**EXTRACTED MATERIAL:**

┄┄┄┄┄┄

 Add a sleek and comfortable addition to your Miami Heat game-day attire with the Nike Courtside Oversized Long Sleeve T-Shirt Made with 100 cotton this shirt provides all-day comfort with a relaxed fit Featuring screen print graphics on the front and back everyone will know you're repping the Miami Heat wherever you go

┄┄┄┄┄┄

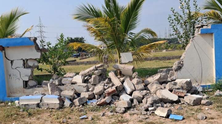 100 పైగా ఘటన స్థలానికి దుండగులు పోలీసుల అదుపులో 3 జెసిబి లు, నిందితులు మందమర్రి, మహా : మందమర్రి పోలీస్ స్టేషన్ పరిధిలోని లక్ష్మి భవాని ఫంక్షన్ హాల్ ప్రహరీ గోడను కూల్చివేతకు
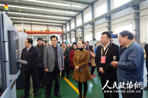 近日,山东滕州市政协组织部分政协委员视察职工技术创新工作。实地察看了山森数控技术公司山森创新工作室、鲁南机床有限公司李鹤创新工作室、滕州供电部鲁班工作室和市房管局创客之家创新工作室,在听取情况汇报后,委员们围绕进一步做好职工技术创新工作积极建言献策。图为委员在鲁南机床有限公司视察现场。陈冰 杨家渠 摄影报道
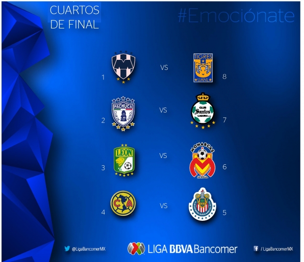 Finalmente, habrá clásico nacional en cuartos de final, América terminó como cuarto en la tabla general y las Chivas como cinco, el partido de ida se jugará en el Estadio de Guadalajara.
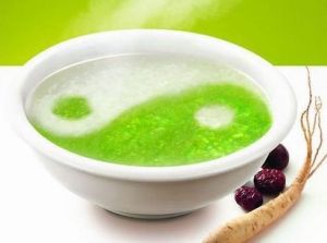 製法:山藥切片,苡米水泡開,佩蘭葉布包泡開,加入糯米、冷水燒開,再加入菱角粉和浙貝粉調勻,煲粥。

┄┄┄┄┄┄

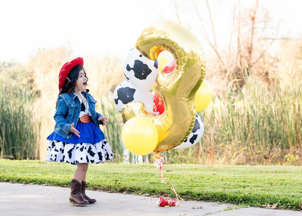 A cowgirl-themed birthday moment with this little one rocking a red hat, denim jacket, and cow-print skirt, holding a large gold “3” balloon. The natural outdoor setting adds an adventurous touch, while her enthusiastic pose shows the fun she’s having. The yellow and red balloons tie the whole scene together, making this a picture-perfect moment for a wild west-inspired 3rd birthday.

┄┄┄┄┄┄

**ASSIGNED TASK:** In the data above, the stretch from the line with "Finalmente, habrá clásico" through the line with "製法:山藥切片,苡米水泡開,佩蘭葉布包泡" is to be returned exactly, minus any pictures.

**ANSWER SPACE:**
 Finalmente, habrá clásico nacional en cuartos de final, América terminó como cuarto en la tabla general y las Chivas como cinco, el partido de ida se jugará en el Estadio de Guadalajara.
 製法:山藥切片,苡米水泡開,佩蘭葉布包泡開,加入糯米、冷水燒開,再加入菱角粉和浙貝粉調勻,煲粥。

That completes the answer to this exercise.